I got an ad.... in the paid version of new york times.
I'm not going to deal with this, unsubscribing. I recommend everyone else to do the same, we can't let them get away with this. You can instead donate to an actually good news source, such as ProPublica. And nyt has a bunch of controversies, listed here. I can't support this with a clear conscience.
Silly rabbit, did you think paying for a subscription would protect from advertising forever?
I am old enough to remember when cable TV was sold to the masses on the premise that if we bought cable, we wouldn't have to see commercials, since our subscriptions would pay for the service.
It's a ratchet system; annoy you, convince you to pay to make the annoyance go away, then wait a while and introduce another annoyance.. and convince you to pay somre more on top of that to get rid of that annoyance... rinse, repeat.
Bypassing adblockers, paywalls etc. are often called 'theft' by mainstream media and their corporate owners. So adblockers (such as uBlock Origin) and similar methods, by the media owners' own definitions, can be considered piracy though that definition should be disputed as merely viewing a web page doesn't deny it from others.
Posting some text and photos on the internet is not even close to being in the same league as printing and hand delivering content. They don't even have to sell ad space themselves to individual advertisers like they used to. Tbey don't even have an incentive to write quality stories. They just need some clickbait ai slop to get more clicks.
A similar thing happened to me recently with Max. I decided to treat myself and my family with the highest cost plan that had 4k quality, 4 (I think) simultaneous streams, and no ads.
A week into the subscription, we started getting random sports ads in the middle of our content. After an abnormally long discussion with their support folks because they didn't understand that I wasn't talking about the ads that show up BEFORE the content and that in fact I was talking about ads that interrupt the content in the middle of a show or movie, they asked that I send them video evidence, which I did.
Their response? Those aren't ads, those are previews for their other content.
So yeah, seems like a common theme here. These companies are scam artists and liars.
It's been like that on The Athletic ever since they got bought out by NYT. If they didn't knock the price of my annual sub down to $20 when I went to cancel it, I'd already have gotten rid of it. After this discount year though, I'm done.

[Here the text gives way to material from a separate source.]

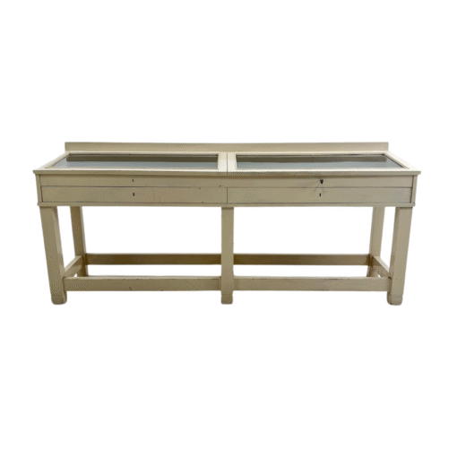 Balta medinė dviejų stalčių prekybinė vitrina stiklo viršumi

No. Its just greed. Because that math will always work out. If you pay 100 for the service and theycan make 1 extra for showing you ads they will choose the bigger number. They will tell you that its just one ad it's not that much. And you are paying to not see the one you havent seen. But soon it will be 2 ads. Then 3. Then a banner at the bottom. That is enshitification
They never corrected their bs claims about murdered babies and systematic rape on Oct 7. Neither of these is true. Mouthpiece for zionist propaganda. That's when I lost all trust in them.
I still have a subscription, which I recalled when I was forced to sign in to read an article last night. Now, I'm putting some thought into whether the balance of bullshit vs information has tipped too much.

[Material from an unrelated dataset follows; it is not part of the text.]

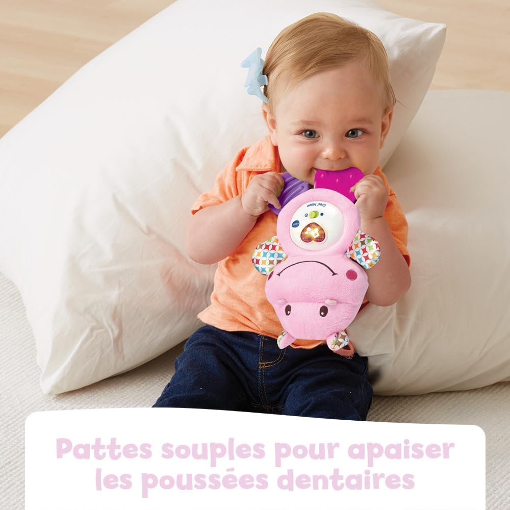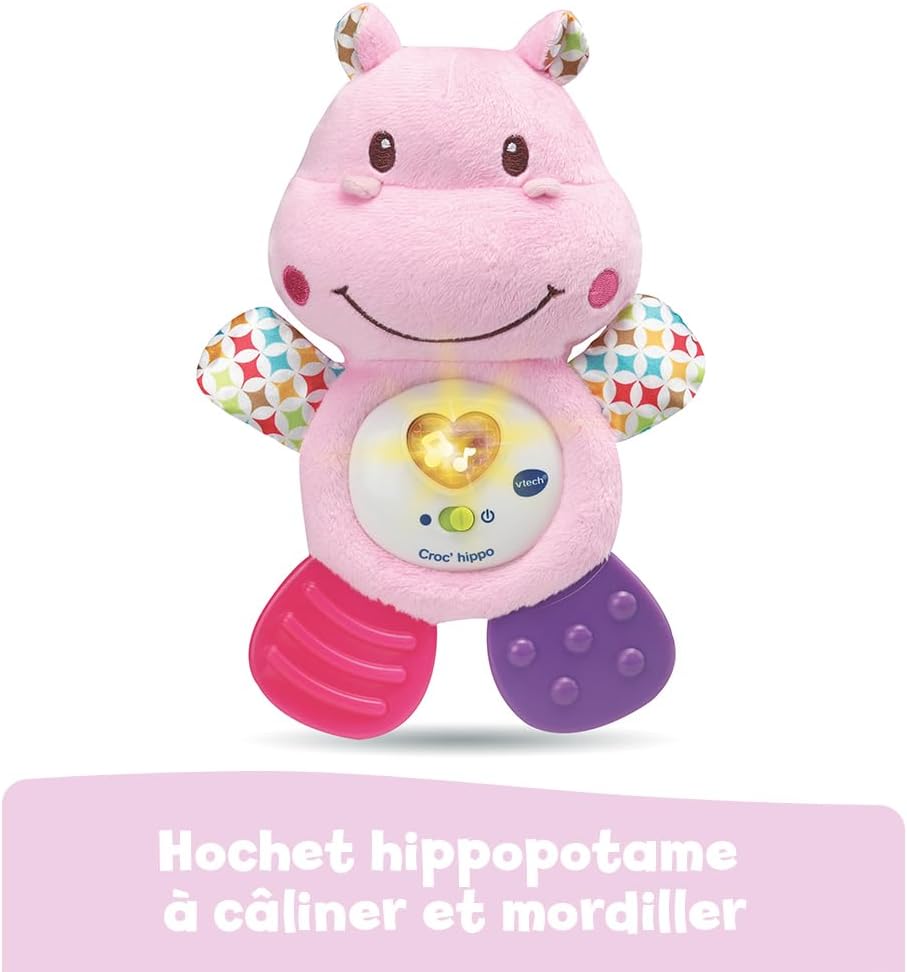 Un sonaglio musicale che calma i dentini del bambino! Versione francese Con diverse texture per stimolare i tuoi sensi: corpo morbido e gambe posteriori in morbida plastica Un pulsante luminoso a forma di cuore per attivare frasi, canzoni e dolci melodie Due morbide gambe da masticare per lenire le gengive e calmare i dentini da latte Modulo elettronico rimovibile per un facile lavaggio della parte tessile (solo lavaggio in superficie)

The ads don't get me because of multiple ad-blockers, but I agree that paying for an online sub should nullify them. It's not like it costs anything to publish on the web vs printing an actual paper. Sure, servers and bandwidth, but for one article to a person paying for a subscription? Unjustifiable to me. Fuck capitalism. It's destroy[ing/ed] everything.
Sure, if you want me to do your homework for you, listen to all the episodes of these podcasts since Oct 7: Chapo Traphouse, TrueAnon, Bad Faith.
Wait, you surely don't have time to do that. Let me provide a similar UN finding, to be in kind with yours:
In May 22 the Associated Press published a report detailing two false accounts of sexual and gender-based violence on October 7.[139] One of the accounts was given by Yossi Landau, a longtime volunteer for the ultra-orthodox ZAKA paramedic and rescue group. Landau claimed that as he was working in Kibbutz Be'eri, he found a pregnant woman lying on the floor with her fetus stil attached to the umbilicated cord and removed from her body.[139] The AP reports that Landau then "went on to tell the story to journalists and was cited in outlets around the world."[139] ZAKA spokesperson Moti Bukjin said it took some time before they realized Landau's account was not true, and they told him to stop repeating it, however he continued to do so as he remains convinced it is true. The United Nations also confirmed Landau's account is false.[139] Along with other first responders, Landau also told journalists he had seen beheaded children and babies. However, the AP notes that "No convincing evidence had been publicized to back up that claim, and it was debunked by Haaretz and other major media outlets."[139]